4. Study Area and Data Collection

Taking Beijing Fifth Ring Road as the research area, this paper constructs three transportation modes, including bus, subway, and taxi. There are 203 subway stations and 2698 bus stations. The area is divided into 482 grids by hexagonal grids with a length of 0.76 km. The following data are used: (1) bus and subway smart card data from 3 August to 9 August 2015, and its schedule data obtained through the mapbar website and Gaode map application; (2) openstreet map road network data; (3) actual detected data of road conditions; (4) Beijing POI data; and (5) population data in Beijing.

Monetary cost calculation: Considering the impact of distance on cost, we can use the monetary cost equation from the official website of Beijing. The monetary cost for taxi can be calculated by Equation (31) (http://fgw.beijing.gov.cn/bmcx/djcx/cxldj/202003/t20200331_1752789.htm, accessed on 1 August 2021). The monetary cost for bus and subway can be calculated by Equations (32) and (33) (http://fgw.beijing.gov.cn/bmcx/djcx/cxldj/202003/t20200331_1752788.htm, accessed on 1 August 2021). In this paper, we set the waiting time for taxi mode to 5 min and assume that taxis are available at the station.

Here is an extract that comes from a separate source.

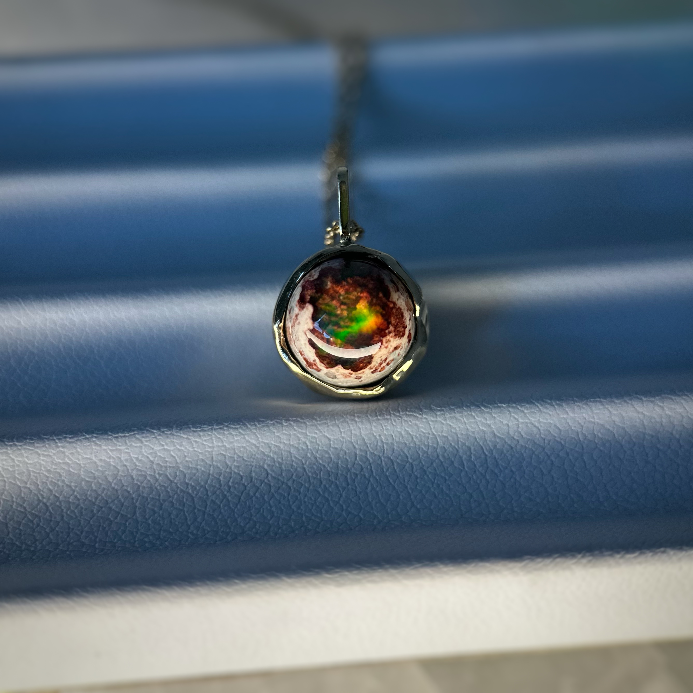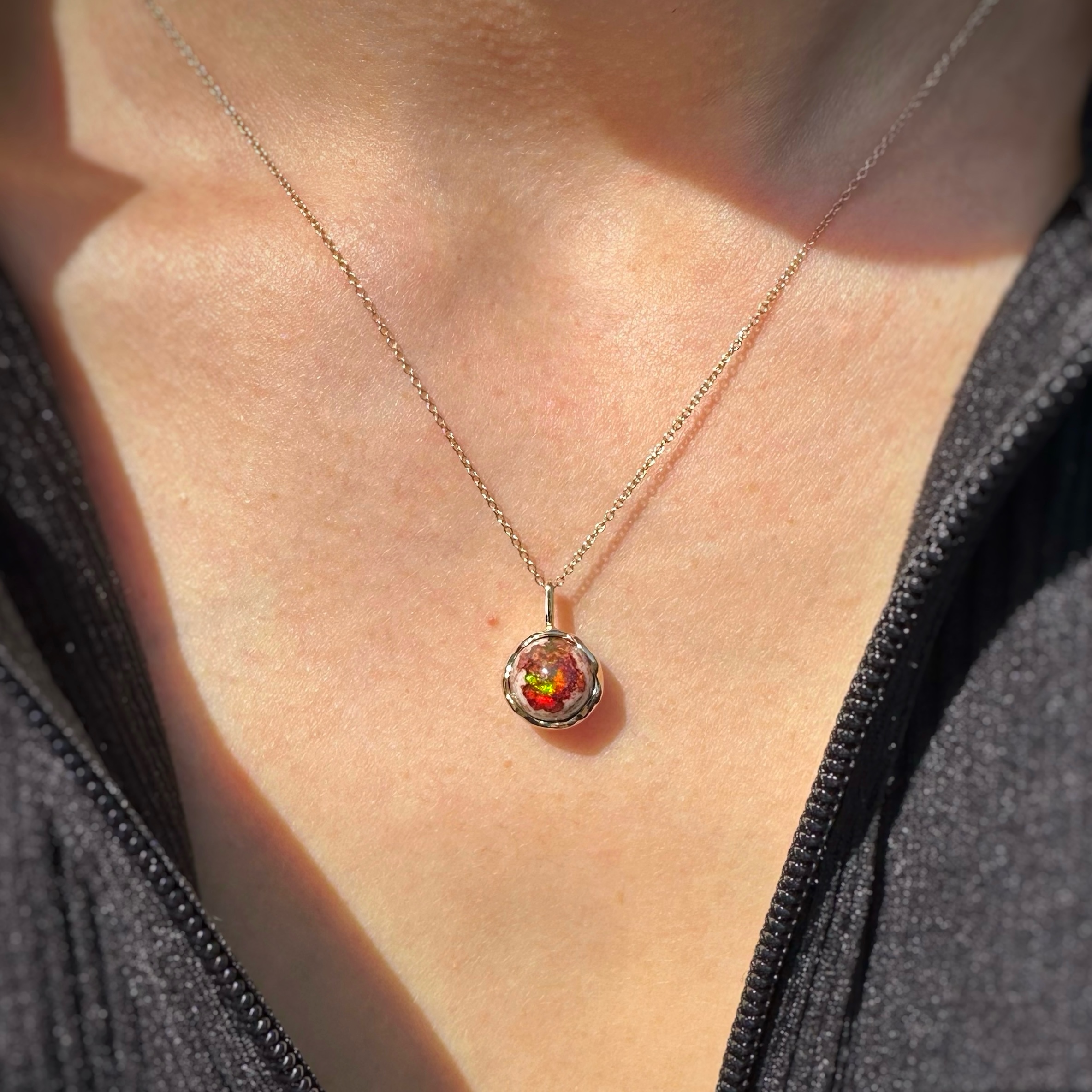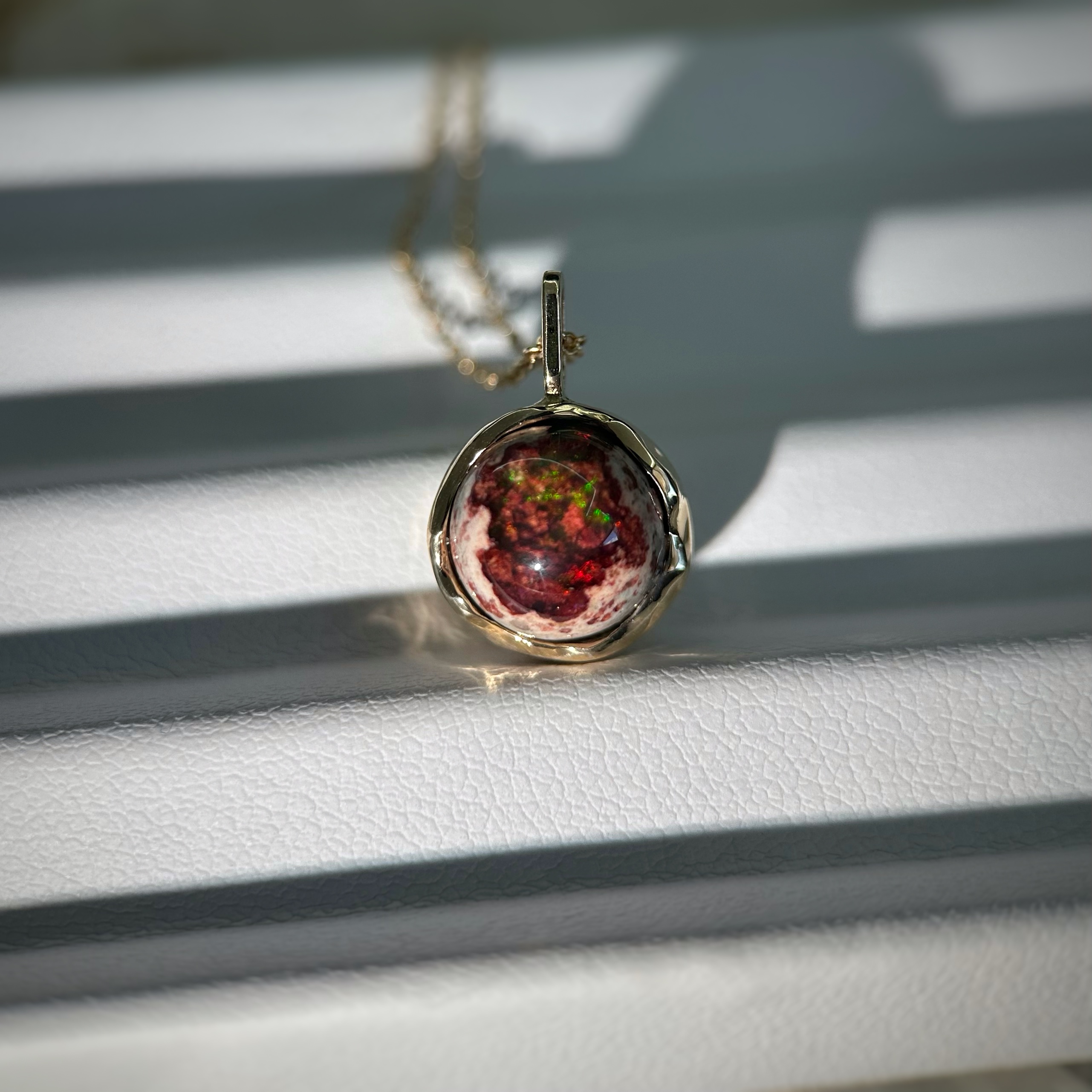 14K Molten Yellow gold pendant with Mexican Cantera Opal

$$c_{Taxi}=\left\{\begin{array}{c}13\\ Int\left[13+2.3\times \left(d_{Taxi}-3\right)\right]\\ Int\left[13+2.3\times \left(15-3\right)+2.3\times 150\%\times \left(d_{Taxi}-15\right)\right]\end{array}\begin{array}{c},\\ ,\\ ,\end{array} \begin{array}{c}0<d_{Taxi}\le 3\\ 3<d_{Taxi}\le 15\\ d_{Taxi}>15\end{array}\right.$$

(31)

$$c_{Bus}=\left\{\begin{array}{ccc}2& ,& 0<d_{Bus}\le 10\\ \mathrm{Int}\left[\frac{d_{Bus}-10}{5}\right]+2& ,& d_{Bus}>10\end{array} \right.$$

(32)

$$c_{Bus}=\left\{\begin{array}{ccc}2& ,& 0<d_{Bus}\le 10\\ \mathrm{Int}\left[\frac{d_{Bus}-10}{5}\right]+2& ,& d_{Bus}>10\end{array} \right.$$

(33)

where $d_{Taxi}$, $d_{Bus}$ and $d_{Subway}$ are the one-time ride distance by taxi, bus, and subway, km, respectively. $c_{Taxi}$, $c_{Bus}$ and $c_{Subway}$ are the one-time ride monetary cost by taxi, bus, and subway, RMB, respectively.

5. Results

5.1. The Impedance Heterogeneity

We use the proposed method to evaluate under travel time uncertainty; we set $\alpha$ to 50% and 90%, the time to 3600 s and 7200 s, and the monetary cost to RMB 20 and RMB 100. The results are shown in Figure 8, in which Figure 8a–h show the accessibility results of Beijing Fifth Ring Road, and Figure 8i shows the chroma bar. By comparing the accessibility results of different reliability levels under the conditions of the same time and monetary cost, it can be seen that a higher reliability level leads to worse accessibility. By comparing the accessibility results of the same reliability with different levels of time and monetary cost conditions, higher monetary cost constraint leads to better accessibility, as shown in Figure 8a vs. Figure 8c, Figure 8b vs. Figure 8d, Figure 8e vs. Figure 8g, and Figure 8f vs. Figure 8h. Higher time constraint leads to better accessibility, as shown in Figure 8a vs. Figure 8e, Figure 8c vs. Figure 8f, Figure 8b vs. Figure 8f, and Figure 8d vs. Figure 8h. As can be seen, it is necessary to take into account the impact of multiple constraints, such as time and monetary costs, when assessing accessibility under travel time uncertainty. The impedance heterogeneity between different modes is significant, so it is biased to take time as the only impedance. In addition, regional accessibility is high in the central area, gradually decreasing toward the suburbs.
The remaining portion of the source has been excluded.